Jul 22, 2011 08:58 GMT  ·  By
European house mice are resistant to the chemical warfarin, which is used to poison them
   European house mice are resistant to the chemical warfarin, which is used to poison them

Investigators at the Rice University say that house mice are evolving to withstand the impact that a common poison is having on the general population. This resistance is developing in unexpected ways.

Experts think they identified two ways through which such resistance was achieved. It took the mice millennia to get here, seeing how humans have always tried using a variety of means for destroying them, or at least driving them away from their homes.

The new investigation was conducted on specimens of ordinary European house mouse, which display a genetic mutation that enables them to remain alive after being exposed to poison. The research effort was led by expert Michael Kohn.

According to the team, the mutated gene is called vkorc1, and its job is usually to manage the processing of vitamin K in the body. The gene is present in all mammals, completing the same function regardless of species.
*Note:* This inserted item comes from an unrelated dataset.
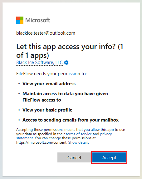 On the next screen, please accept the permissions, and click on the Accept button to continue.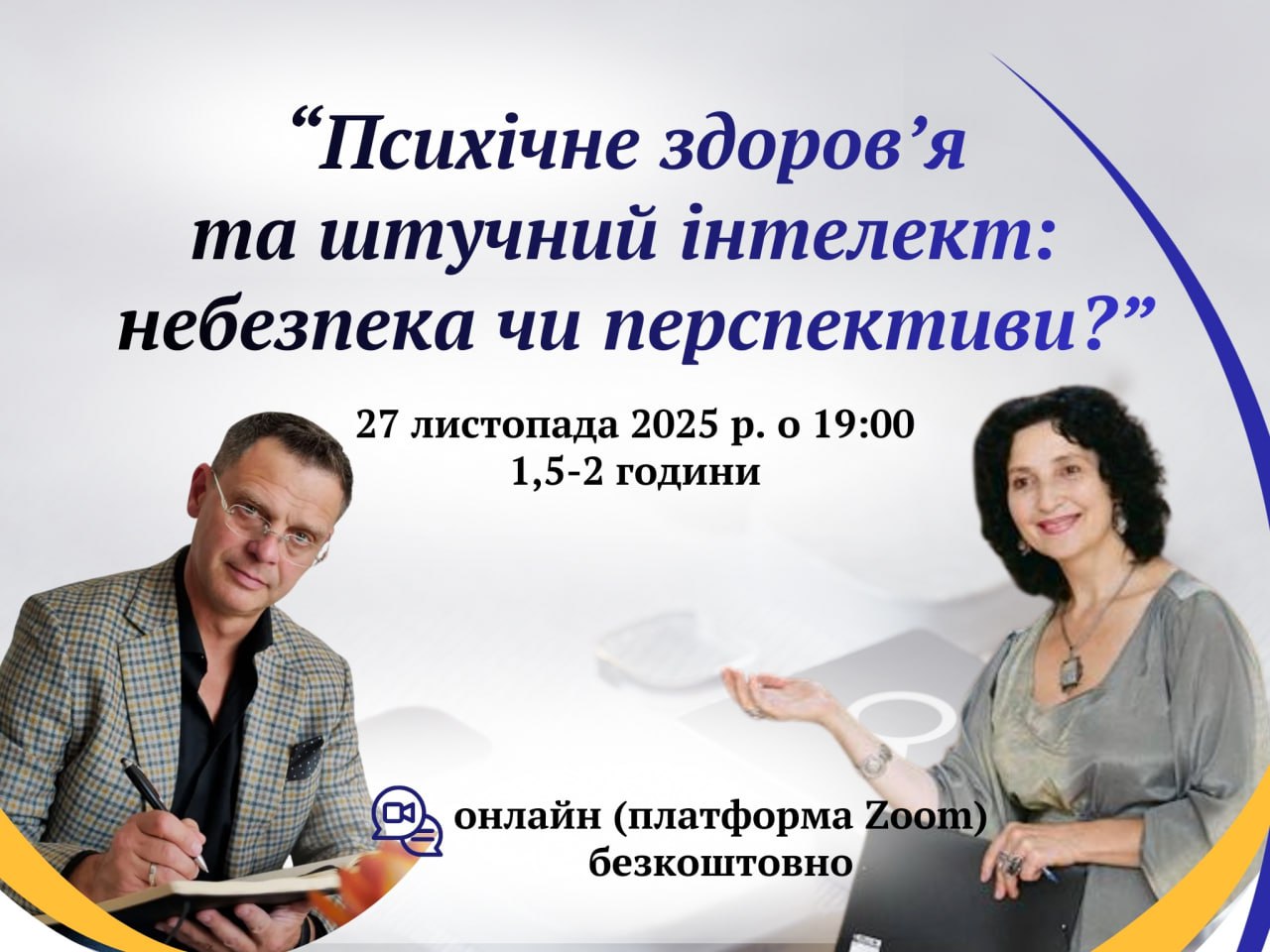 Професійний вебінар-дискусія "Психічне здоров’я та штучний інтелект: небезпека чи перспективи?" 27 листопада 2025 року 19:00 - 21:00

One of the most common rodent poisons relies on the use of the human blood thinner chemical warfarin. But the genetic mutation mice suffered allowed them to become immune to the effects of this toxic agent, the Rice group explains.
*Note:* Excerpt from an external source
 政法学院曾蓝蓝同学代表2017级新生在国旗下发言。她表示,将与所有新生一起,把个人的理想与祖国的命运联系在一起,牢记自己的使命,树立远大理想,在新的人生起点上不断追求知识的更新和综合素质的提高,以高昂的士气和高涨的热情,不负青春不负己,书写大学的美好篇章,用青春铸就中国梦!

The two methods mice used to become immune to the effects of warfarin include point mutations and horizontal gene transfer. Both have the same effect, but arrive at it differently, the researchers add.
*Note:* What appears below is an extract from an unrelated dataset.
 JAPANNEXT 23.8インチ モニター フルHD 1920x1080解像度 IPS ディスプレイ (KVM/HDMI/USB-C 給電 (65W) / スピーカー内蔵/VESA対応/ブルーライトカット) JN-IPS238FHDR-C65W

Point mutation is the “standard” type of evolution, in which animals experience genetic anomalies that are passed down from generation to generation if they are useful. Algerian mice (Mus spretus) are now resistant to warfarin because they had a vitamin K-deficient diet.

This was the animal's way of adapting to the desert, the harsh environment it inhabits. The genetic change took just 10 years to propagate through populations. Warfarin was put into use in the 1950s, and the first modified mice appeared as early as the 1960s.

The second process – horizontal gene transfer – usually takes place in microbes, and has never been fully understood. The new study provides an in-depth view into how it functions in mammals.

Kohn explains that the vkorc1 gene mutation was transferred from Algerian to European house mice directly, which is the very definition of HGT. Horizontal transfer means that a mutation is passed between living individuals, not from parents to offspring.

“In the very distant past, these mice wouldn't even meet. With the spread of agriculture thousands of years ago in the Fertile Crescent, humans brought mice with them – unwillingly,” he adds.

“That brought these two types of mice into contact, and they started doing their thing, hybridizing here and there,” Kohn says. The mutations were most likely handed over in Spain, where the two species overlap geographically.

“The human factor in this study is quite clear. One of the gravest concerns to conservation of biodiversity is the inadvertent spread of invasive species across the globe,” the investigator says.

“In this study, this test came in the form of our desire to extirpate so-called pest species with poisons, which we use to get rid of microbes, bugs, weeds and even some mammals,” Kohn concludes.